Jumat, 28 Juni 2013

Naikkan Harga BBM, Pemerintah Di tuding Melakukan Kejahatan Konstitusi

JAKARTA - Praktisi hukum, Lukmanul Hakim, menilai kebijakan pemerintah dengan menaikkan harga bahan bakar minyak (BBM) bersubsidi telah melanggar konstitusi.

"Pelanggaran konstitusi turunannya adalah semena-menanya pemerintah terhadap undang-undang," katanya dalam dialog publik Subsidi BBM dan Kejahatan Konstitusi di Balai Kartini, Jakarta, Jumat (28/6/2013).

Dia mengatakan, pemerintah telah melakukan pembohongan publik dengan menyebut harga BBM di Indonesia adalah yang paling murah, jika melihat kualitasnya yang buruk.

"Artinya, ketika BBM subsidi dinaikkan jadi Rp6.500, tapi pemerintah belum membuka soal harga pokok produksi," tuturnya.

Kemudian, Indonesia sebagai penghasil minyak mentah nomor dua di dunia setelah Venezuela, sangat mustahil mengalami kekurangan BBM

"Kita ini penghasil minyak mentah nomor dua setelah Venezuela, itu tidak mungkin sebagai penghasil minyak mentah, mustahil APBN jebol. Kenaikan BBM bersubsidi itu pembodohan publik," tuturnya.

Lalu, pemerintah menyelundupkan kembali Pasal 28 Ayat (3) UU Nomor 22 Tahun 2001 tentang Minyak dan Gas Bumi dalam UU APBNP 2013 sebagai dasar hukum penetapan harga BBM. Padahal, MK telah mencabut tentang penetapan harga pasar dalam pasal tersebut.

Secara lengkap, berikut kejahatan konstitusi yang dilakukan pemerintah terkait kenaikan harga BBM bersubsidi. Pertama, Pasal 33 UUD 1945 Ayat (2) menyatakan cabang-cabang produksi yang penting bagi negara dan yang menguasai hajat hidup orang banyak dikuasai oleh negara. Lalu, Ayat (3) yang menyatakan bumi dan air dan kekayaan alam yang terkandung di dalamnya dikuasai oleh negara dan digunakan sebesar-besar untuk kemakmuran rakyat.

Tetapi, pemerintah justru melakukan kejahatan konstitusi dalam tata kelola dan tata niaga MIGAS, karena telah menempatkan MIGAS sebagai salah satu cabang produksi yang dikuasai oleh kepentingan asing (atas nama pasar bebas).

Lalu, MIGAS sebagai salah satu kekayaan alam yang terkandung di bumi Indonesia (public goods) justru digunakan sebesar-besarnya untuk kesengsaraan rakyat.

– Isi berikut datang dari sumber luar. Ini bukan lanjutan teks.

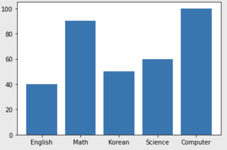 bar(): 그래프를 그리는 메서드로, 인자 x, y값이 들어간다.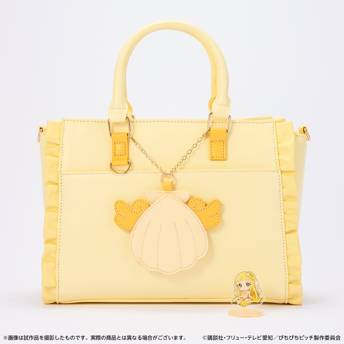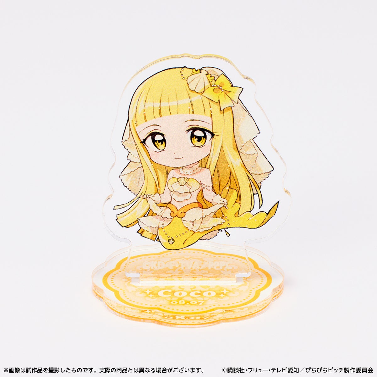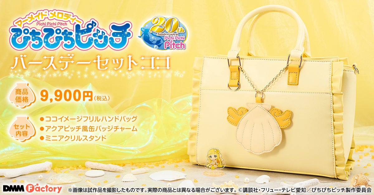 放送20周年を迎えたテレビアニメ『ぴちぴちピッチ』のマーメイドプリンセスたちを祝うバースデーセット第3弾は、「ココ」をイメージしたフリルハンドバッグ、アクアピッチをイメージした缶バッジチャーム、ミニキャライラストを使用したアクリルスタンドのセット。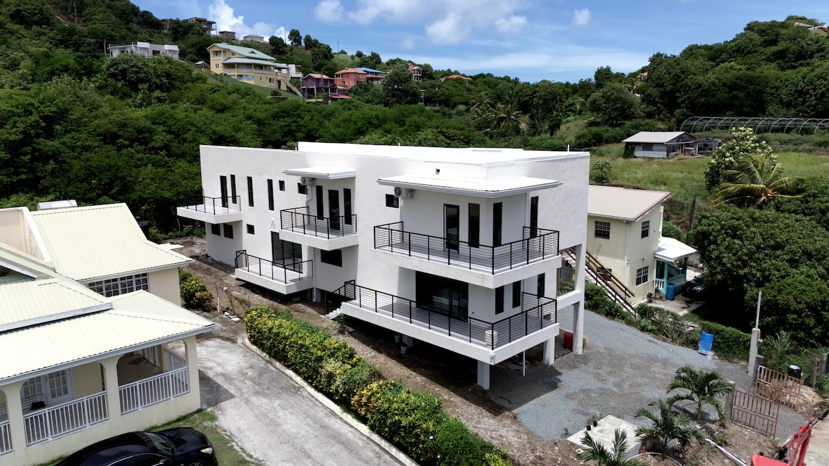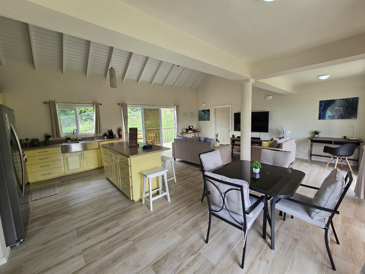 ESTAMOS SUPER FELIZES EM OFERECER AR CONDICIONADO A PARTIR DE 9 DE JULHO DE 2025! Vistas deslumbrantes, pores do sol de tirar o fôlego, ondas para embalar seu sono; pássaros anunciam o dia! Bem-vindo a Ti Zan, nosso refúgio romântico, aninhado acima da nossa VILA ZANDOLI e da praia. Relaxe no nosso grande deck, absorva a tranquilidade do local, vá para a praia; vá explorar. Rodney Bay Village/Marina com lojas, restaurantes, música ao vivo e bares estão a 5 minutos de carro. Trilhas, pesca, spas, vela, golfe, são todos seus - a poucos minutos de distância.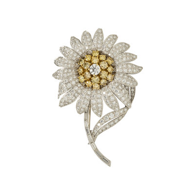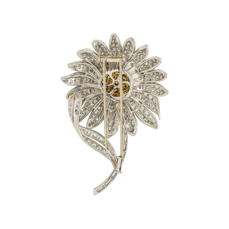 Consisting of a cluster of 18 round brilliant cut yellow diamonds (origin of color not tested) weighing approximately 2.45 carats total, a central round brilliant cut diamond and petals and stem containing numerous round brilliant and baguette cut diamonds weighing approximately 7.50-8.00 carats total. Mounted in platinum and bicolor gold. 2 5/8 x 1 3/4 inches.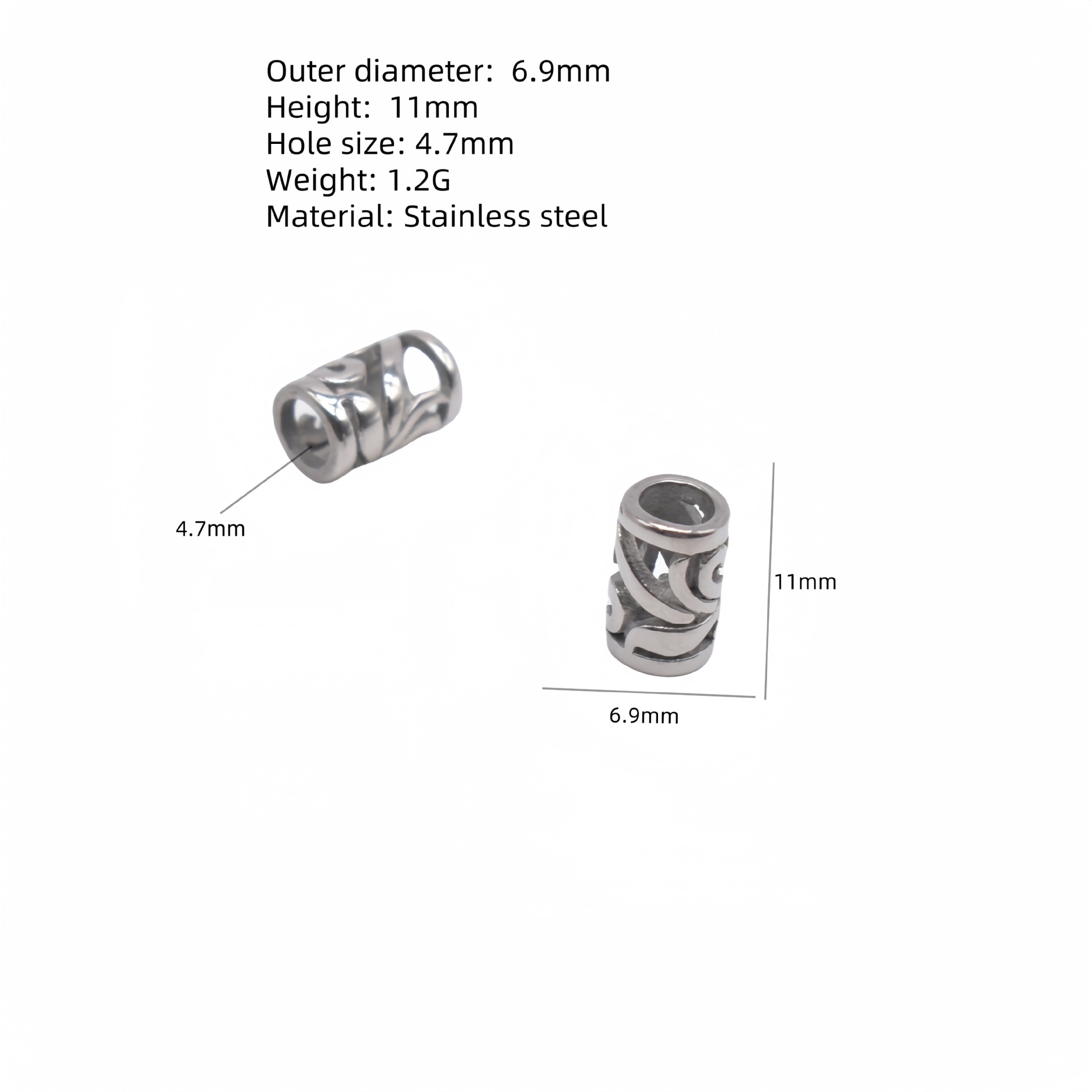 Billes en acier inoxydable, Acier inoxydable 304, Placage ionique sous vide, DIY, plus de couleurs à choisir, 6.9x11mm, Trou:Environ 4.7mm, Vendu par PC

Kemudian, dalam UU Nomor 14 Tahun 2008 tentang Keterbukaan Informasi Publik, pemerintah justru tak pernah mengumumkan secara transparan atau terbuka kepada seluruh rakyat tentang berapa besar harga pokok produksi. Sesungguhnya, berapa harga pokok produksi dan harga pokok penjualan BBM per liter?

UU Nomor 8 Tahun 1999 tentang Perlindungan Konsumen, kejahatan konstitusinya, pemerintah telah melakukan pendustaan publik terkait mutu BBM yang dijual kepada rakyat dengan di bawah kualitas (bahkan memenuhi standar euro 1 sehingga membahayakan kesehatan manusia) yang telah ditetapkan pemerintah (standar euro 2).

Lalu, keputusan MK Nomor 002/PUU-I/2003, 21 Desember 2004, yang pada pokoknya telah mencabut tentang penetapan harga pasar berdasarkan Pasal 28 Ayat (3) UU Nomor 22 Tahun 2001 tentang Minyak dan Gas Bumi. Kejahatan konstitusi, pemerintah menerbitkkan PP Nomor 36 Tahun 2004 yang bertentangan dengan keputusan MK Nomor 002/PUU-I/2003, 21 Desember 2004, dan UU APBNP 2013 c.q APBNP 2013 tetap mencantumkan Pasal 28 Ayat (3) sebagai dasar hukum dalam penetapan harga BBM.